ソーシャルメディアには様々な情報が投稿されていますが、先日「知っておきたいビジネス用語」と言った内容の投稿を見たら、本来の英語とは異なる意味のカタカナ表現が幾つか紹介されていました。そこで今回はそのことについて、少しご紹介したいと思います。inspireusによるPixabayからの画像)

今さら聞けない
ビジネス用語

インターネットで「今さら聞けないビジネス用語」と言った言葉で検索をすると、様々なサイトが表示されます。またソーシャルメディアでも、ビジネス用語等を紹介する投稿を沢山見かけます。

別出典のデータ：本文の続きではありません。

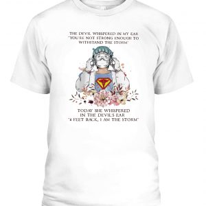 THE DEVIL WHISPERED IN MY EAR YOU’RE NOT STRONG ENOUGH TO WITHSTAND THE STORM NURSE T-SHIRT
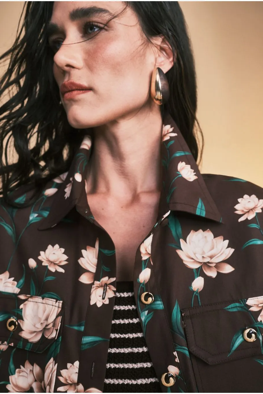 A camisa Lis é confeccionada em tricoline. A peça com a nossa estampa exclusiva de peônia apresenta modelagem reta com maxi bolsos anterior, proporcionando um visual moderno e romântico. Possui comprimento tradicional, colarinho, fechamento por botões anterior, punho marcado e acabamento pespontado.
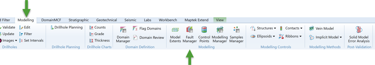 On the ribbon, navigate to Modelling > Fault Modelling > Fault Manager.
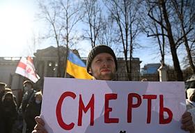 Участник несогласованной акции против специальной военной операции на Украине держит плакат "на…
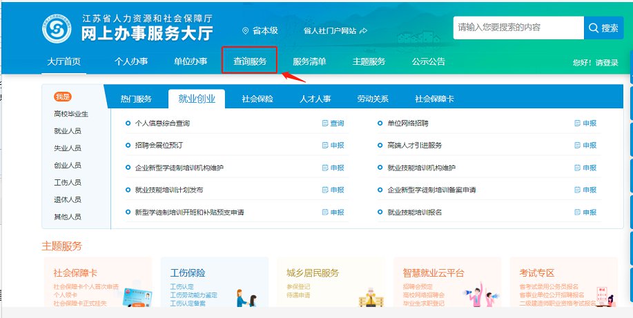 1、登录江苏人社网办大厅,找到“查询服务”
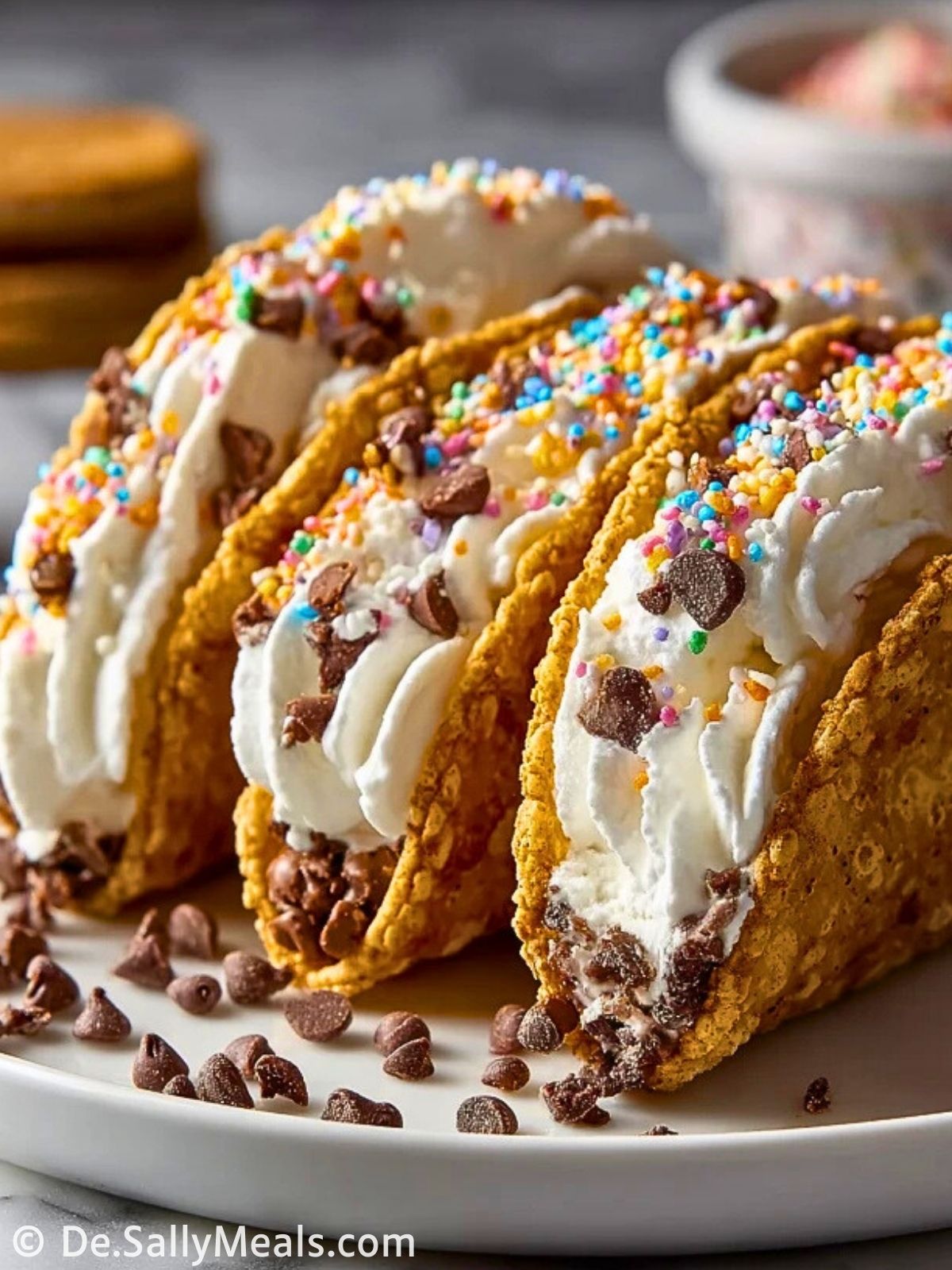 Die gefüllten Tacos nach Belieben mit Keksstreuseln, Schokodrops und etwas Schokoladensauce verzieren. Bis zum Servieren kühl stellen.

業界ごとであったり、新社会人向けや、年代の異なる上司や同僚が使うビジネス用語の紹介など、様々なパターンがありますが、その一覧に占めるカタカナ表現の多さには驚きます。

これらカタカナ表現は英語表現から来ているモノも多いですが、本来の英語の意味とは異なる意味で、日本のビジネスシーンで使われている言葉も多くあります。

【ビジネス用語一覧】厳選110選|基本をマスターするための例文も紹介(2024.09.18 若手社会人の「悩み」と「疑問」に答えるポータルサイト CANVAS / マイナビAGENT)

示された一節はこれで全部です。